In any case, I did not use batch normalization in any of the submitted solutions, so it should still solve it. You might have to play with the parameters a bit though.
For batch normalization you can try to use the following but I made some untested modifications so make sure it works first:
def batch_norm(x, beta, gamma, is_training, is_convnet=False):
"""
Batch normalization utility.
Ref.: http://stackoverflow.com/questions/33949786/how-could-i-use-batch-normalization-in-tensorflow
Args:
x: Tensor, 2D [BD] or 4D [BHWD] input maps
is_training: boolean tf.Varialbe, true indicates training phase
Return:
normed: batch-normalized maps
"""
with tf.variable_scope('batch_norm'):
moments_dimensions = [0]
if is_convnet:
moments_dimensions = [0,1,2]
with tf.device('/cpu:0'):
batch_mean, batch_var = tf.nn.moments(x, moments_dimensions, name='moments')
ema = tf.train.ExponentialMovingAverage(decay=0.5)
def mean_var_with_update():
ema_apply_op = ema.apply([batch_mean, batch_var])
with tf.control_dependencies([ema_apply_op]):
return tf.identity(batch_mean), tf.identity(batch_var)
mean, var = tf.cond(is_training,
mean_var_with_update,
lambda: (ema.average(batch_mean), ema.average(batch_var)))
normed = tf.nn.batch_normalization(x, mean, var, beta, gamma, 1e-3)
return normed
I see that the reward is ranging around -11 in the "Reacher" task after 20000 frames.
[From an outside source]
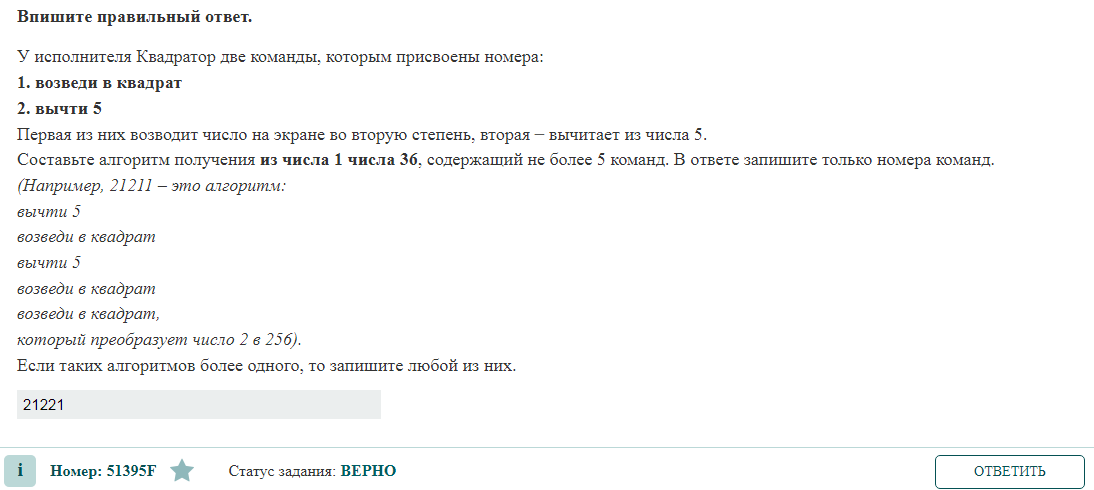 У исполнителя Квадратор две команды, которым присвоены номера: 1. возведи в квадрат 2. вычти 5 Первая из них возводит число на экране во вторую степень, вторая –– вычитает из числа 5. Составьте алгоритм получения из числа 1 числа 36, содержащий не более 5 команд. В ответе запишите только номера команд. (Например, 21211 – это алгоритм: вычти 5 возведи в квадрат вычти 5 возведи в квадрат возведи в квадрат, который преобразует число 2 в 256). Если таких алгоритмов более одного, то запишите любой из них. РЕШЕНИЕ Будем идти от числа 36 к числу 1 применяя противоположные команды, так мы будем видеть когда из промежуточного результата можно извлечь квадратный корень. Тогда мы имеем команды: 1. Извлеки квадратный корень 2. Прибавь 5 1) 36, квадратный корень извлекается: √36=6 Команда 1 2) 6 - нельзя извлечь квадратный корень, прибавим: 6 + 5 = 11 Команда 2 3) 11 - нельзя извлечь квадратный корень, прибавим: 11 + 5 = 16 Команда 2 4) 16, квадратный корень извлекается: √16=4 Из 4 никак нельзя буд

Is it the code that achieves good performance in the "Reacher" task?
Hmm my MuJoCo license has expired so I can't test it now apparently. xD Did you try changing the discount factor or the other parameters? Also note that the 25.000 is the number of episodes, not frames. Looking at my Gym submission, I can see that it took 500-800k frames to converge. :)
Thank you for your help. I will try again.
Awesome. :)